Tucker is in the early stages of creating a pedestrian-friendly downtown with green space, public art, retail shops, and restaurants. Matthew Lee, executive director of Tucker Northlake Community Improvement District, presented an update on the downtown alley project.

Lee said there are plots, now privately owned, that need to be obtained by Tucker for the alleyway project, which is on a five to 10-year time scale.

“There’s key pieces to purchase or to have given to you, however you can get it. Right now, a developer could come in and submit an application to staff and say, ‘I’m going to build this,’ and they can build right on top of what might be a critical link that is privately owned currently,” said Lee, emphasizing a cohesive plan with business owners is crucial.

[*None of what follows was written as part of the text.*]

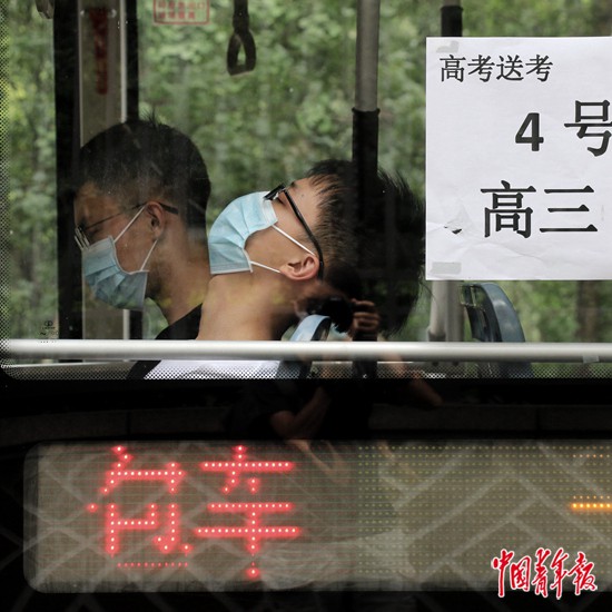 7月7日上午,四川省成都市,剛剛參加完高考語文考試的一位考生坐在車上閉目養(yǎng)神。由于考點不在本校,這位學生所在的學校安排了專車接送考生。中青報·中青網記者 王鑫昕/攝

Downtown Tucker is already undergoing a streetscape project to improve lighting and landscaping.

City Engineer Ken Hildebrandt revisited I-285 Major Mobility Investment Program by Georgia Department of Transportation (GDOT) plans to enhance bridges at Henderson Road, Northlake Parkway, and LaVista Road. When Georgia Department of Transportation widens these bridges as part of a I-285 express lane project, Tucker will have the opportunity to make improvements to lighting, fencing, and branding.  The project is set to begin in three to five years.

Councilmember Michelle Penkava delivered an update on conversations with DeKalb County over roads and sidewalks. Council previously considered a referendum to takeover public works from the county, which would result in a tax increase for Tucker residents.

Penkava requested an accounting of services provided by DeKalb County, and its cost. She said in a line by line look at the current Intergovernmental Agreement shows “they’re not doing [things] as well as they should be.”

A new IGA is under review by DeKalb County attorneys, and will continue to be negotiated between Tucker and the county. Penkava said she wants to give DeKalb County an opportunity to nurture the relationship, and “see if we can’t have enough of an improved service at the same rate that our citizens are paying now that we can all be more than satisfied.”

“The timing of COVID, our uncertainty with our own budget, the inability to sit down and talk with our constituents and the ask that comes at the end of that for a higher tax rate possibly … for a better service, it’s just an unfortunate time,” she said, pushing to delay a referendum on public works.

In other news:

 

– Tucker’s financial report for September shows revenues were down 20 percent from the previous year, and 10 percent below expectations. Expenditures are 9 percent over expectations, which may even out after the federal Coronavirus Aid, Relief, and Economic Security (CARES) Act funding kicks in for unexpected spending by the city — purchases related to the COVID-19 pandemic.

– Council members voted unanimously for Parks and Recreation Department to apply for a Land and Water Conservation Fund grant in the amount of $500,000. If awarded, the city will match the grant monies to improve Fitzgerald Field, home to the Tucker Football league.

– Parks and Recreation presented a new plan to replace signage at Henderson Park, Johns Homestead, Kelley Cofer Park, Montreal Park, Smoke Rise Park, Tucker Nature Preserve, Tucker Recreation Center, and William McKinley Peters Park.

– Mayor Frank Auman presented the annual Mayor’s Business Award to FODAC, Friends of Disabled Adults and Children, for 34 years of matching medical equipment with those in need, both nationally and internationally.

– Councilmember Matt Robbins reminded residents to vote in the Nov. 3 elections. Early voting ends Oct. 30 at Reid H. Cofer Library, but absentee ballot boxes at Tucker Town Hall and Cofer are open until Election Day, Nov. 3. If voters miss the opportunity to cast a ballot at early voting, they will have to visit their assigned polling place.